Because of the low technical capacity in the sector, the Federal Ministry of Mines and Steel Development, MMSD, estimates that Nigeria lost up to $9 billion to illegal mining between 2015 and 2016. It is not just the loss of revenue that makes unregulated artisan mining a danger to the nation. The miners who are usually poor rural dwellers use crude implements and antiquated methods to extract precious stones such as gold, silver, lead, sapphire, gypsum, emerald, granites and others to feed their families.

But in so doing, they devastate the environment, create gullies, exacerbate flooding, cause massive deforestation and often become victims of lead, mercury or other sources of poisoning linked to these metals.

Over the years, the Federal Government has tended to react to the activities of the artisan miners with its usual knee-jerk approach by trying to use force. Raids were conducted on minefields and those arrested were promptly clamped into detention with very little done thereafter. In recent years, however, it has dawned on the authorities that criminalising artisan mining is not the smart thing to do.

According to the Minister of State for Mines and Steel Development, Alhaji Abubakar Bwari, government has shifted more emphasis to regulating the activities of artisan miners. They are now encouraged to form cooperatives and members of such registered bodies are trained to approach artisan mining through approved methods to reduce risks to the miners, the communities where they operate and the environment. It will also help in policing the mines and increase revenue to government coffers.

We commend this new approach because it does not make sense to declare two million artisan miners as “criminals”. They are part of the community and can play their legitimate roles in the economy if properly guided and assisted. Even when big players finally return to the Nigerian mining sector, small players will still have roles to play to ensure that the industry works for all.

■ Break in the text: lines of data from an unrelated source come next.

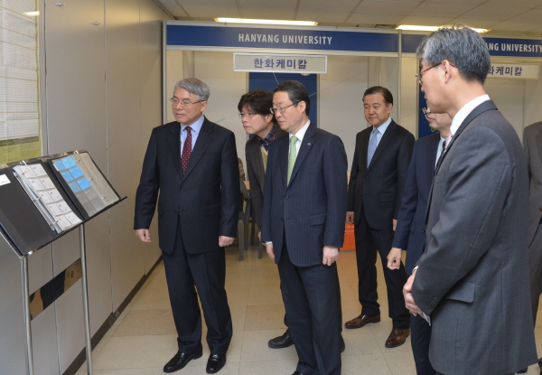 | ▲ 이영무 한양인재개발원장(왼쪽에서 세 번째)이 ‘한양인재개발원’ 조직에 대한 설명을 듣고 있다. | ||
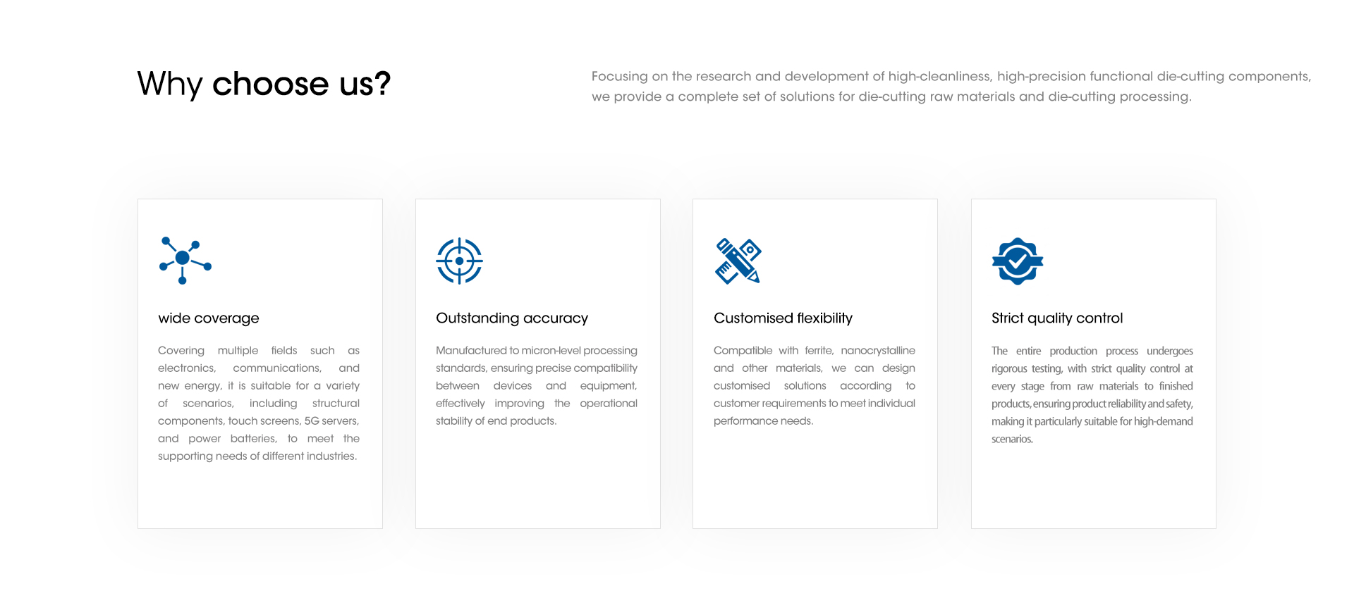 Providing a complete solution for die-cutting raw materials and die-cutting processing.
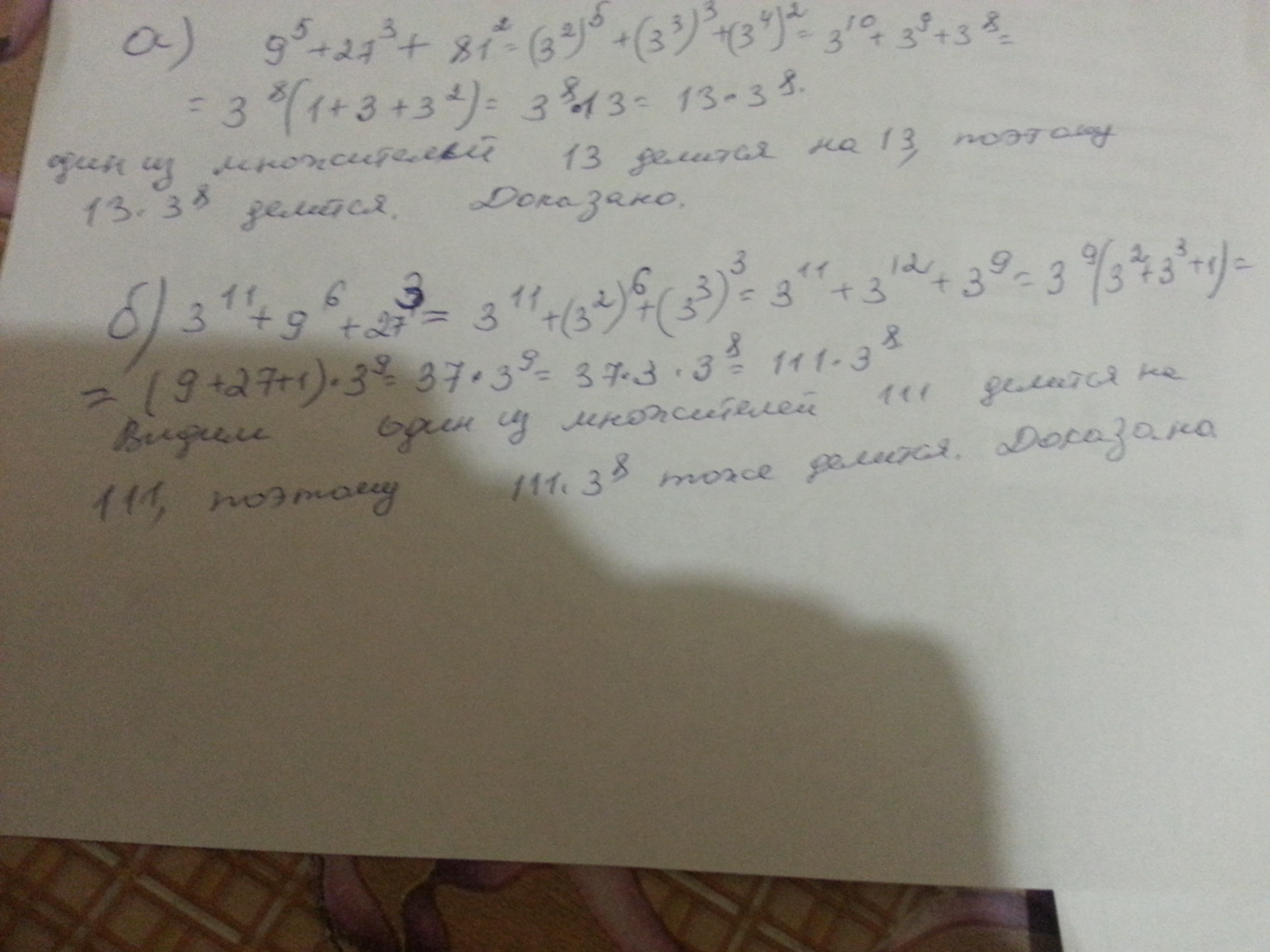 Б) 9 в 5 степени + 27³ + 81² делится на 13
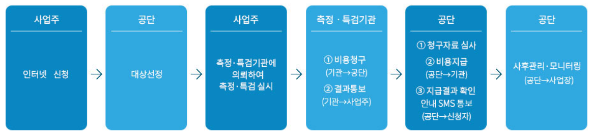 | 지원금액 | 신규측정 | 최초 측정 비용에 대해 전액지원 - 최대 100만원 지원 *과거 3년동안 측정 미실시 사업장 |
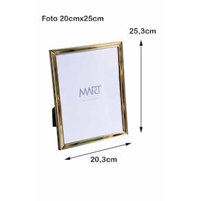 Porta Retrato em Metal Vidro 20x25 Dourado Parede Mesa Mart Porta retrato em metal e vidro para fotos de 20x25cm na cor dourado Porta retrato em metal com vidro, com excelente qualidade. Possui pé para estar sobre superficies e ganchos para parede. Pode ser Utilizado na vertical e horizontal. Perfeito para sua decoração, com seu design moderno destaca suas imagens e transforma o ambiente. Com visor de vidro que protege a foto e moldura com detalhe em baixo relevo. Obs. Sua cor metalizada muda conforme a luz. Características do produto: Cor: Dourado Material: Metal e Vidro Material de trás: Papelão resistente aveludado Foto: 20 x 25cm Medidas: 20,3cm de altura x 25,3cm comprimento Peso aproximado: 208g Quantidade: 1 Ean: 7908103725307

We hope that the Ministry of Mines and Steel Development will activate the Mining Roadmap adopted in September 2016 which envisages that the mining sector will be able to directly and indirectly contribute not less than $27 billion to the economy which will represent three per cent GDP by that date.

Mining and agriculture are the future of the nation’s extractive industry after oil. We must get serious with them.